Frédéric Chéreau a ouvert son propos par le constat. Il a eu raison de procéder ainsi. Près de la moitié des villes moyennes aujourd’hui, en France, souffrent de la paupérisation de leur centre-ville. Douai n’est donc pas une exception, et il est toujours bon de replacer ces éléments dans un contexte politique, social et économique plus large. Douai se situe par ailleurs dans un contexte commercial concurrentiel extrêmement dense (pensons à sa proximité avec la zone du Luc, Noyelles-Godault ou même Lille, Arras et Valenciennes). Enfin, dans cette situation où l’offre commerciale est déjà abondante, Douai manque de diversité. La restauration est globalement faiblement représentée tout comme l’équipement à la personne, les magasins de décoration ou de sport.

Mais le chiffre-clé à retenir est le suivant. Douai compte 454 commerces pour un taux de vacance commerciale de l’ordre de 15,7%. « Le chiffre n’est pas catastrophique » a préféré signaler le maire. Sans doute, mais il reste alarmant, préoccupant et permanent dans la mesure où il n’a pas changé depuis plusieurs années. À cela s’ajoute le fait que de nombreux logements sont inoccupés dans le cœur de ville (18%).

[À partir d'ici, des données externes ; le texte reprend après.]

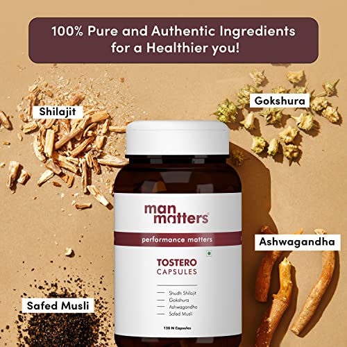 Man Matters Pure Himalayan Shilajit Gokshura Ashwagandha Safed Musli & Kesar Capsules for Men | Pack of 120 Capsules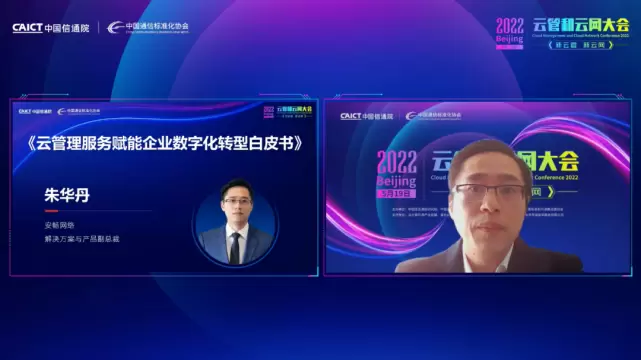 会上,中国信通院与安畅网络联合发布了《云管理服务赋能企业数字化转型白皮书》,安畅网络解决方案与产品副总裁朱华丹对白皮书发布进行介绍。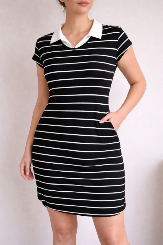 Stylowa, wygodna sukienka marki SHEIN w klasyczne czarno-białe paski. Model z ozdobnym, białym kołnierzykiem dodaje całości eleganckiego, szkolnego charakteru. Elastyczny materiał świetnie dopasowuje się do sylwetki, a prosty krój zapewnia komfort noszenia na co dzień.

Au-delà des chiffres, chacun jugera s’il est curieux, approprié ou satisfaisant, de voir le maire de Douai présenter le constat et son action pour relancer l’attractivité du centre-ville au mois de juin 2018, alors que son équipe est élue depuis quatre ans…

L’acte II du projet de revitalisation du centre-ville

Nous allions voir ce que nous allions voir… Frédéric Chéreau a parlé de « stratégie claire ». Elle l’est en effet. Elle l’est d’autant plus, que ce qui nous a été proposé, nous le connaissions déjà.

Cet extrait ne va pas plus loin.